Secrets Manager entries are operator-provisioned via npm run seed:{env} and consumed at runtime via the External Secrets Operator — no secrets bake into images or manifests; the ExternalSecret projects incident-response/<env>/* into one k8s Secret consumed via envFrom. Resource names, secret paths, IAM policies, and the OTel deployment.environment attribute are all env-scoped (incident-response/staging/* vs incident-response/production/*). The staging IRSA role cannot read production secrets and vice versa.
npm run chart:lint # helm lint chart
npm run chart:template:staging # render chart with staging values
npm run chart:template:production
npm run seed:staging # seed Secrets Manager entries
# ArgoCD owns the rollout — bump image.tag in chart/values-{env}.yaml,
# commit, push. Initial tenant setup follows chart/README.md
# (apply platform.yaml → wait Ready → register ApplicationSet entry).First-time deployers should stand staging up, run the scripted drill (npm run drill:staging), then Drill 2 from artifacts/incident-drill-playbook.md before rolling out to production.
Forking IncidentResponse for a different client — swap secrets, Slack workspace, Linear project, Grafana tenant without touching application code — docs/forking-for-a-new-client.md.

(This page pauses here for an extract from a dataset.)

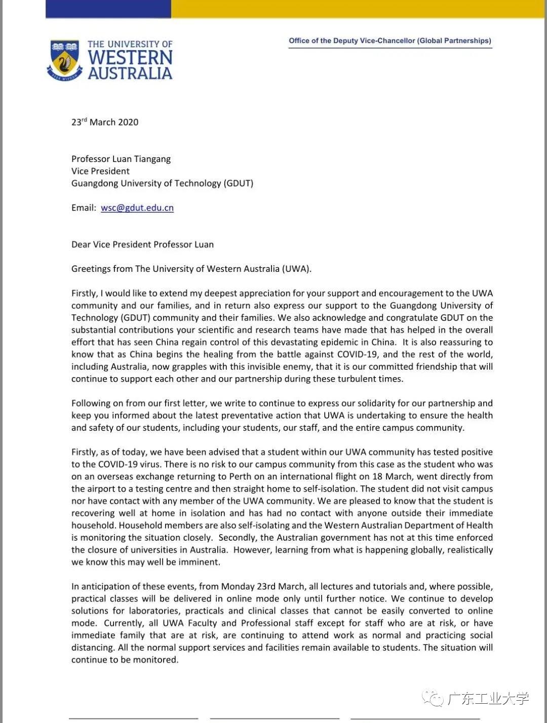 西澳大学副校长Tayyeb Shah来信同气连枝,共盼春来。疫情之下,广工做好海外师生疫情防控工作,落实海外师生的动态管理,努力维护海外师生的身心健康。(更多新闻资讯,请关注羊城派 pai.ycwb.com)

First-time setup: staging-first walkthrough covering AWS prerequisites (Bedrock model access + inference-profile caveat), per-env third-party accounts, Secrets Manager seeding (note: linear/team-id must be a UUID, not a team key), Grafana OnCall webhook wiring, and the promotion path to production — docs/deployment-guide.md.
Secret seeding + rotation — env-scoped inventory (incident-response/staging/*, incident-response/production/*), put-secret-value commands, rotation cadence — docs/secrets.md.
Nightly drill — .github/workflows/nightly-drill.yml fires scripts/ci-drill.sh against staging on a schedule (and on-demand via workflow_dispatch). Guarded by the INCIDENT_RESPONSE_DRILL_ENABLED repo variable — stays off until you've wired the OIDC role.
All configuration via env vars (validated by src/utils/env.ts at startup). In production, secret values come from AWS Secrets Manager, projected by the ExternalSecret into a k8s Secret consumed via envFrom; .env.example is for local dev only. See docs/secrets.md for the full inventory + provenance.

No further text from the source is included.